Matthew Vella
As travellers get ready to say goodbye to the dreaded departure tax, those who cancelled their flights during October with low-cost airline Ryanair may not get much joy.
Passengers flying out of Malta no longer have to pay the €23 departure tax, after the European Commission declared the tax discriminatory as it was only charged on passengers originating from Malta.
But if passengers cancelled a recent Ryanair flight, a refund on your government tax is just not worth the trouble.
Government taxes are the only portion of taxes, fees and charges which are refundable, according to Ryanair policy. Only you do not get it automatically if you cancel a flight.
Government tax refunds are subject to Ryanair’s administration fee of £15 (€19), which is only slightly lower than Malta’s €23 departure tax.

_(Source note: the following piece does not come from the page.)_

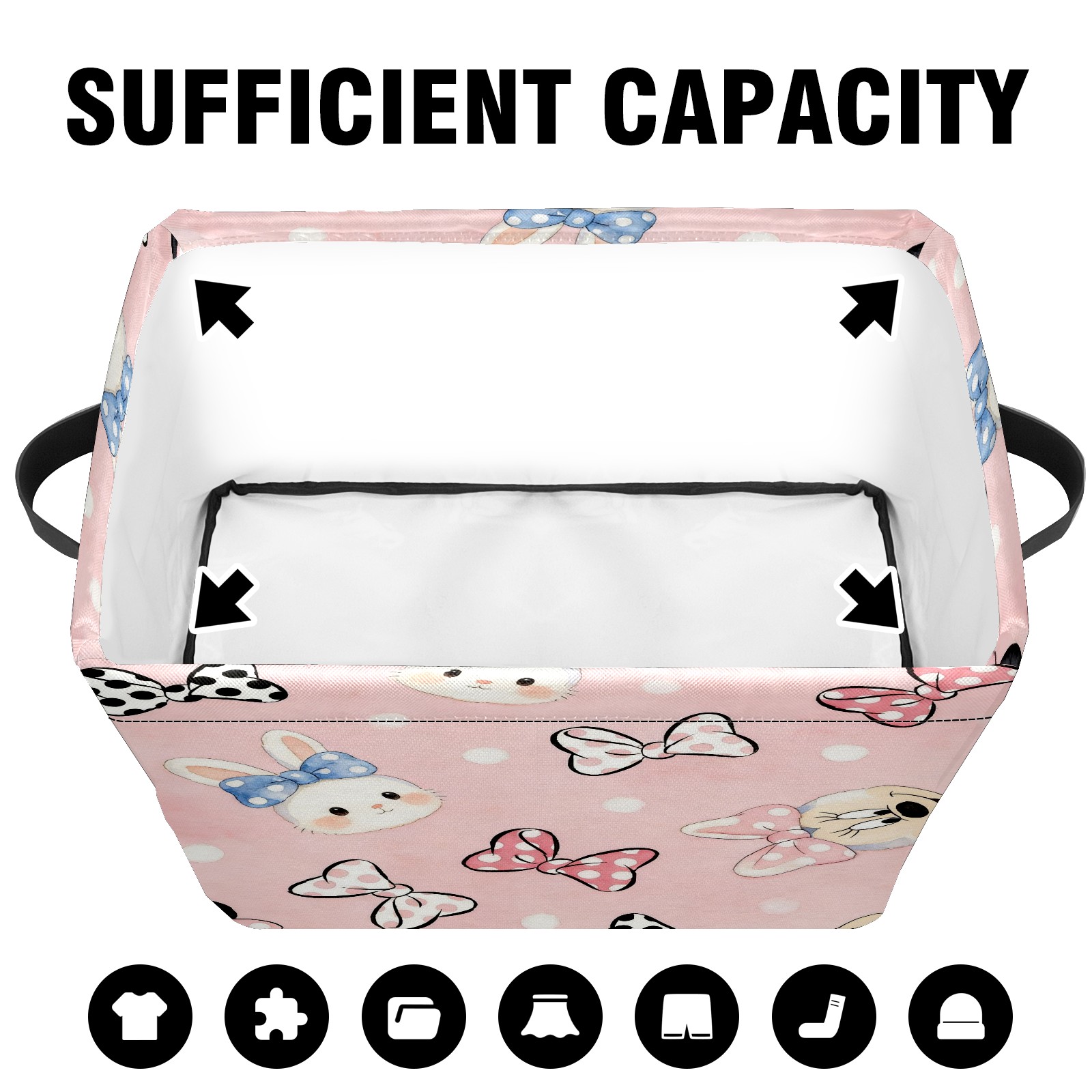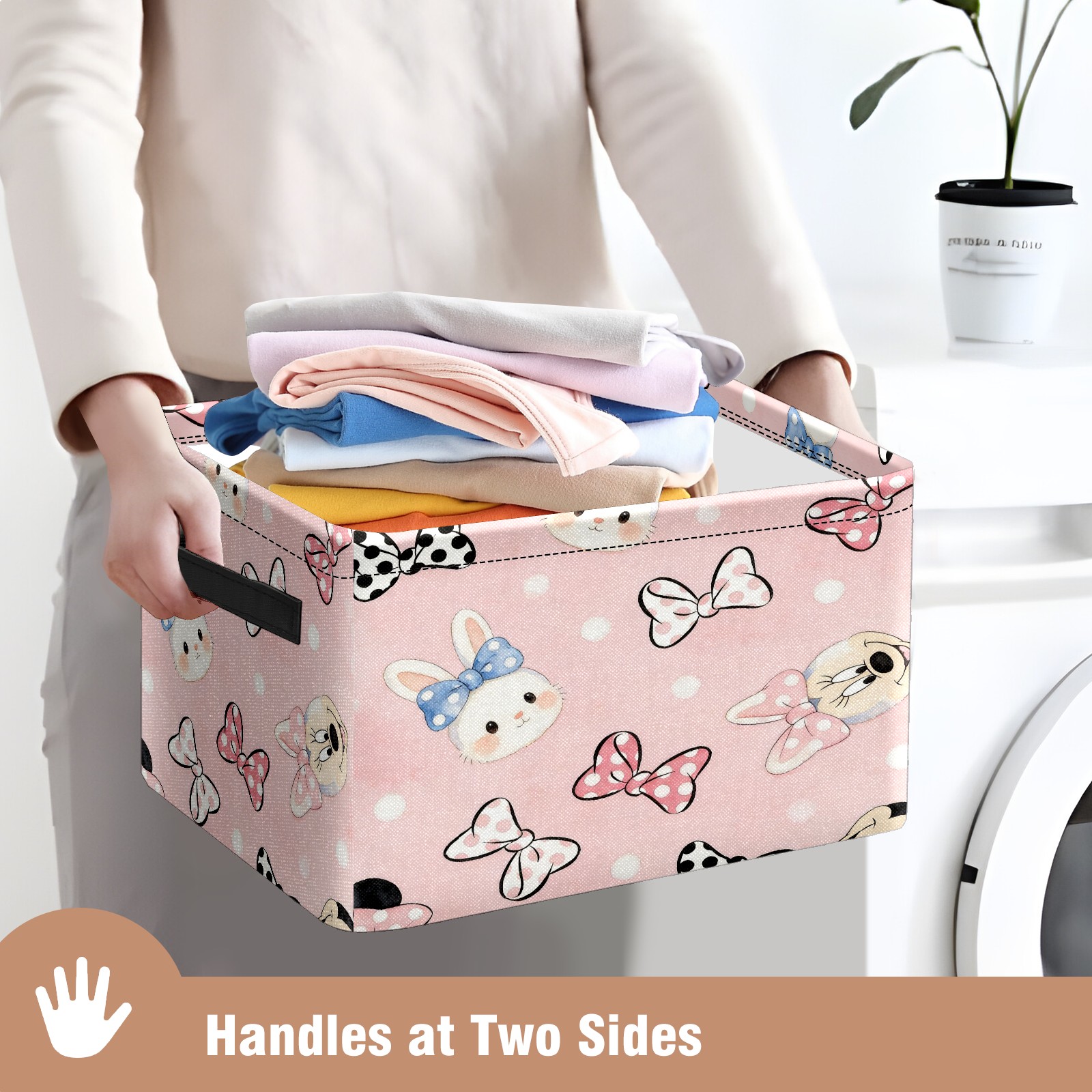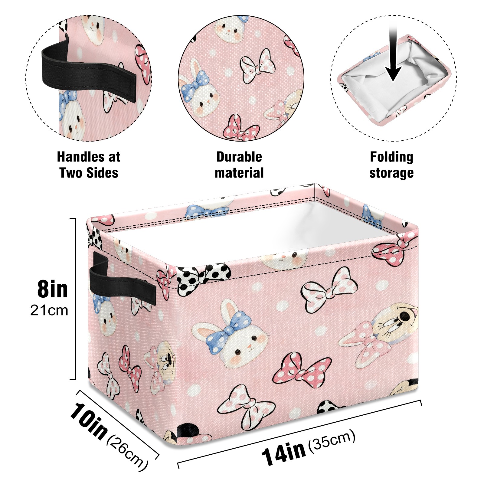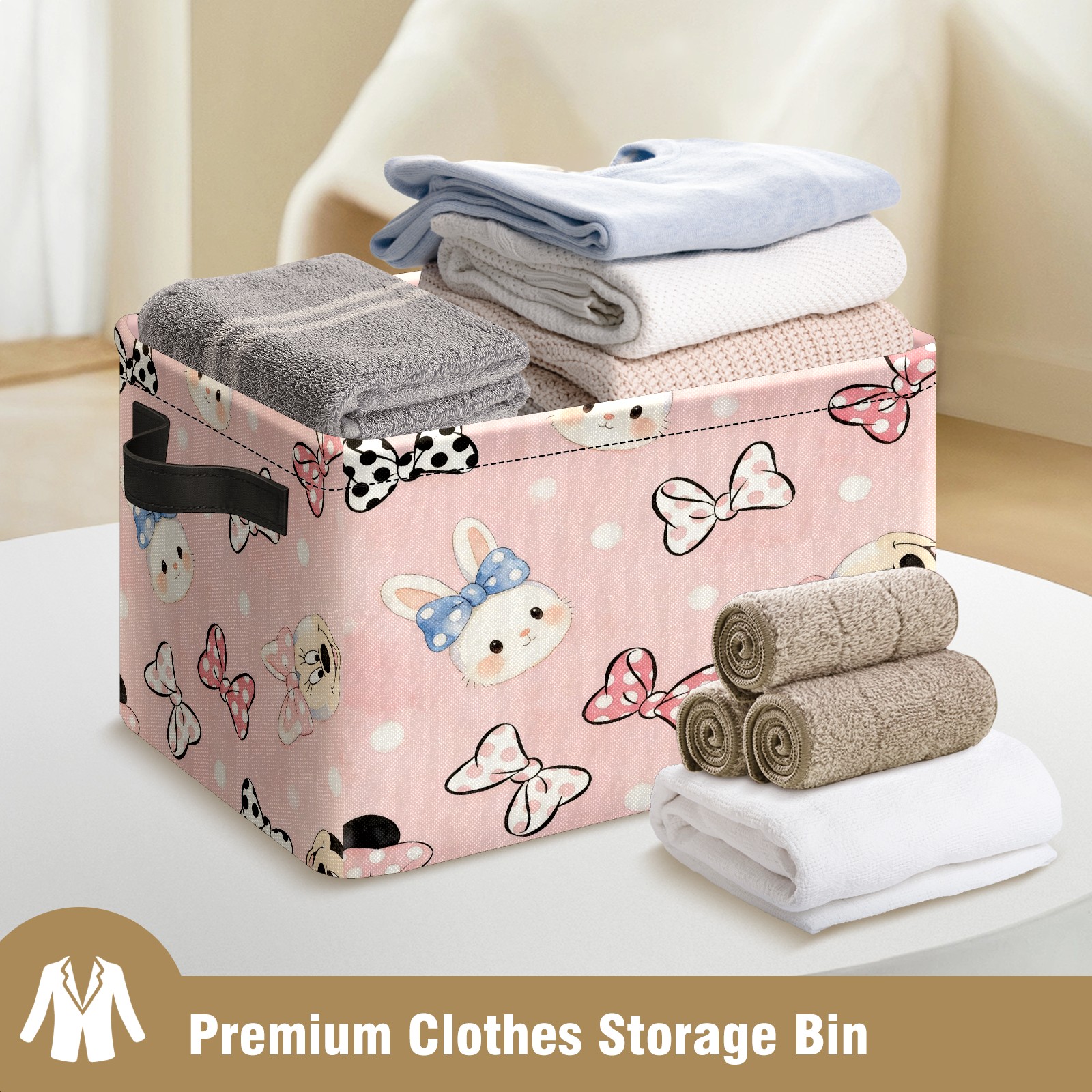 Foldable and Stackable Fabric Storage Basket for Home Organization with Handles, Decorative Closet Bins for Shelves and Laundry Storage( Bunny)

If the refund amount due to the customer is less than the administration charge, no refund is made. In the case of Maltese passengers who want their tax refund, they only stand to get back a measly €4 after paying Ryanair the administration charge.
Additionally, government tax refund requests must also be made within one month from the booked travel date, which means Ryanair will not entertain tax refunds for flights booked before 10 October as from tomorrow.
National airline Air Malta’s conditions of carriage states that travellers are entitled to a refund of the amount of the fare paid, less any reasonable service charges or cancellation fees.
Refund requests are subject to a €25 processing fee per passenger. Furthermore, a cancellation fee equivalent to 20% of the fare paid applies.